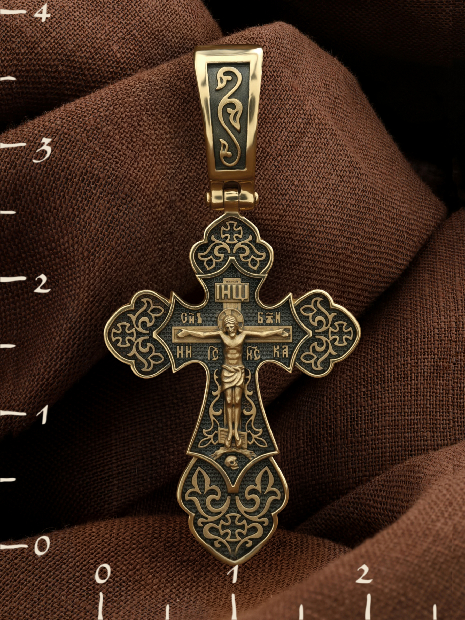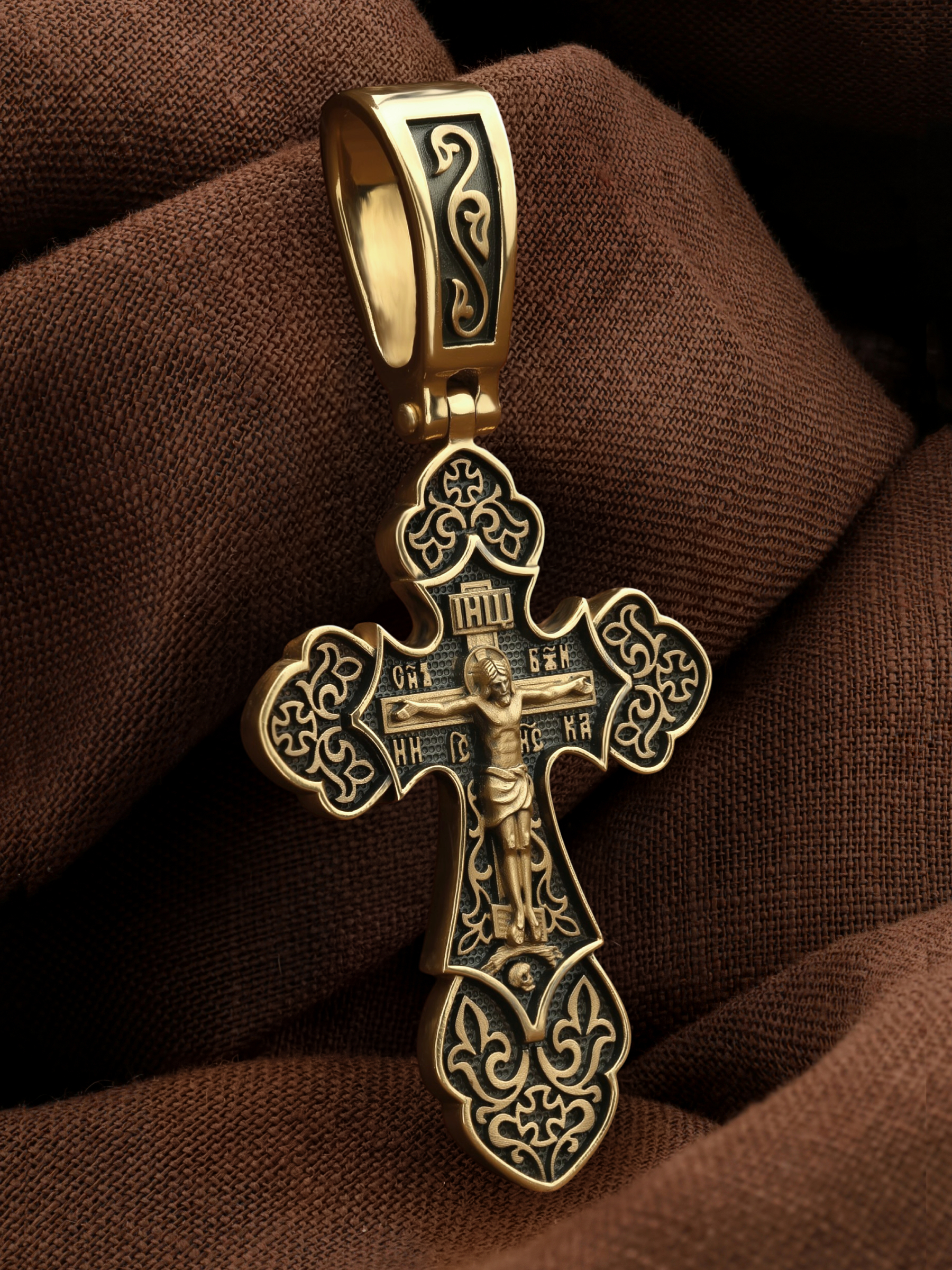 Крест с рельефным изображением Распятия в окружении пышных цветов и ажурного узора, напоминает нам о красоте Райского сада. На лицевой стороне креста изображено Распятие, потому что это орудие казни Иисус Христос сделал орудием победы над грехом и смертью. Своими страданиями Он искупил грехи человечества, умерев и сошествовав во ад, победил сатану, освободил души праведников от вечной смерти и открыл им небесные врата рая. Жертва Христа сделала возможным спасение для каждого человека. На православном кресте Христос не умирает, а свободно простирает руки, ладони Иисуса открыты, будто он хочет обнять все человечество, даря им свою любовь и открывая путь к вечной жизни. Верхняя перекладина символизирует собой табличку с надписью «IHЦI» — Иисус Назарянин Царь Иудейский. Над перекладиной пишется словосочетание «СЫН БОЖИЙ», ниже перекладины добавляется: «НИКА» (греч. — Победитель) и сокращенное имя Спасителя «IC XC» — Иисус Христос. Возвышение, на котором стоит Крест, символизирует гору Голгофу, на которой произошло Распятие. У подножия Креста изображают прах Адама, обозначенный черепом.
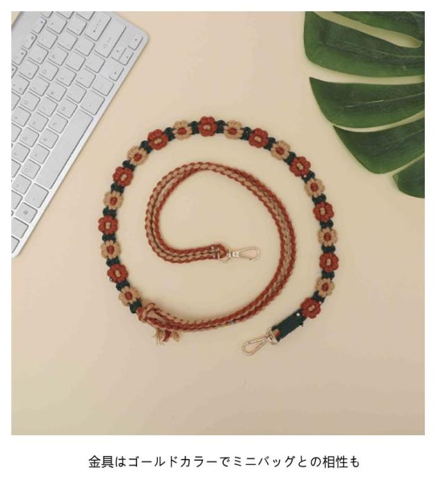 | 調整可能!お花のワンポイントが可愛いモバイルストラップ。 雰囲気のある色あいで、お気に入りのコーデに合わせてカラーが選べます。 どのような様々な携帯ケースにも付けやすいカラビナタイプ。 金具はゴールドカラーでミニバッグとの相性も◎ 1本、1本丁寧な手事なので、とっても丈夫な作りです。 太めのマクラメ編みなので肩への負担もかかりにくいデザイン。 バックスタイルも華やかになります。 自分用にもプレゼントとしても喜ばれるアイテムです♪ | |
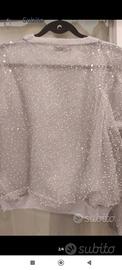 Maglioncino Zara corto leggero in uno strato di sottile di filo tipo mohair con sopra un tessuto velato pieno di piccolissime perline e paillettes trasparenti discretamente luminose.
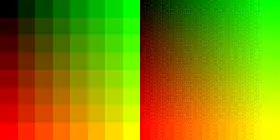 Two images mimicking a gradient of 140 × 140 = 19600 different colors. Both images use the same 64 colors. The image on the right has been dithered. The dithering was done using a non-normalizing dithering algorithm, causing the image to have a slight over-representation of bright pixels.
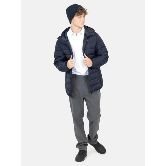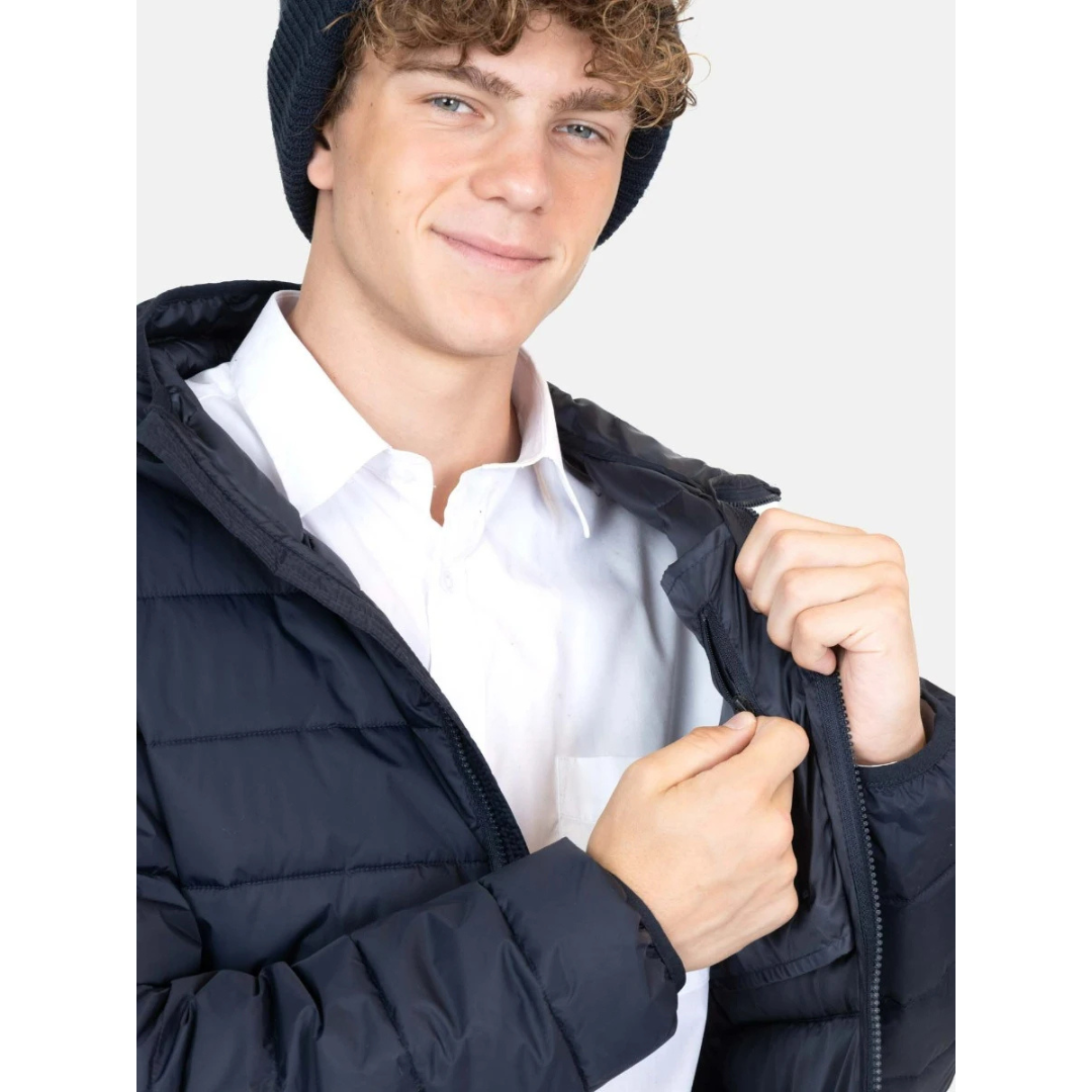 Esta parka escolar fabricada completamente en nylon es ideal para proteger del frío y la lluvia. Ofrece resistencia y durabilidad para el uso diario en la escuela.
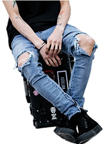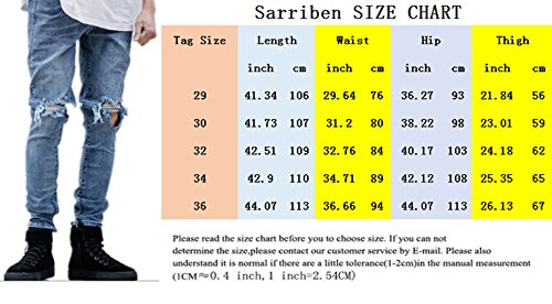 -. Feature : ***100% Brand new and high quality.Good quality fabric,and making style make you stylish and comfortable when wearing. / Zipper Fly,Mid-waist,Classic 5 Pockets Design,Knee Ripped Big Holes,Slightly Stretchy / It's cool and personalized,super unique and full of powerful street edge.Fashion guys must have one. / ***Suitable for enjoying your party,shopping,casual,travel,home and so on. / Welcome to Sarriben to buy more stylish and fashionable clothes.There must be some clothes that you like.Looking forward to your visit!

- What is required: Output the line containing "自分用にもプレゼントとしても喜ばれるアイテムです♪ | |" and each line after it, through the end of the material, exactly as given. No pictures belong in the output.

- Solution for this task:
 | 調整可能!お花のワンポイントが可愛いモバイルストラップ。 雰囲気のある色あいで、お気に入りのコーデに合わせてカラーが選べます。 どのような様々な携帯ケースにも付けやすいカラビナタイプ。 金具はゴールドカラーでミニバッグとの相性も◎ 1本、1本丁寧な手事なので、とっても丈夫な作りです。 太めのマクラメ編みなので肩への負担もかかりにくいデザイン。 バックスタイルも華やかになります。 自分用にもプレゼントとしても喜ばれるアイテムです♪ | |
 Maglioncino Zara corto leggero in uno strato di sottile di filo tipo mohair con sopra un tessuto velato pieno di piccolissime perline e paillettes trasparenti discretamente luminose.
 Two images mimicking a gradient of 140 × 140 = 19600 different colors. Both images use the same 64 colors. The image on the right has been dithered. The dithering was done using a non-normalizing dithering algorithm, causing the image to have a slight over-representation of bright pixels.
 Esta parka escolar fabricada completamente en nylon es ideal para proteger del frío y la lluvia. Ofrece resistencia y durabilidad para el uso diario en la escuela.
 -. Feature : ***100% Brand new and high quality.Good quality fabric,and making style make you stylish and comfortable when wearing. / Zipper Fly,Mid-waist,Classic 5 Pockets Design,Knee Ripped Big Holes,Slightly Stretchy / It's cool and personalized,super unique and full of powerful street edge.Fashion guys must have one. / ***Suitable for enjoying your party,shopping,casual,travel,home and so on. / Welcome to Sarriben to buy more stylish and fashionable clothes.There must be some clothes that you like.Looking forward to your visit!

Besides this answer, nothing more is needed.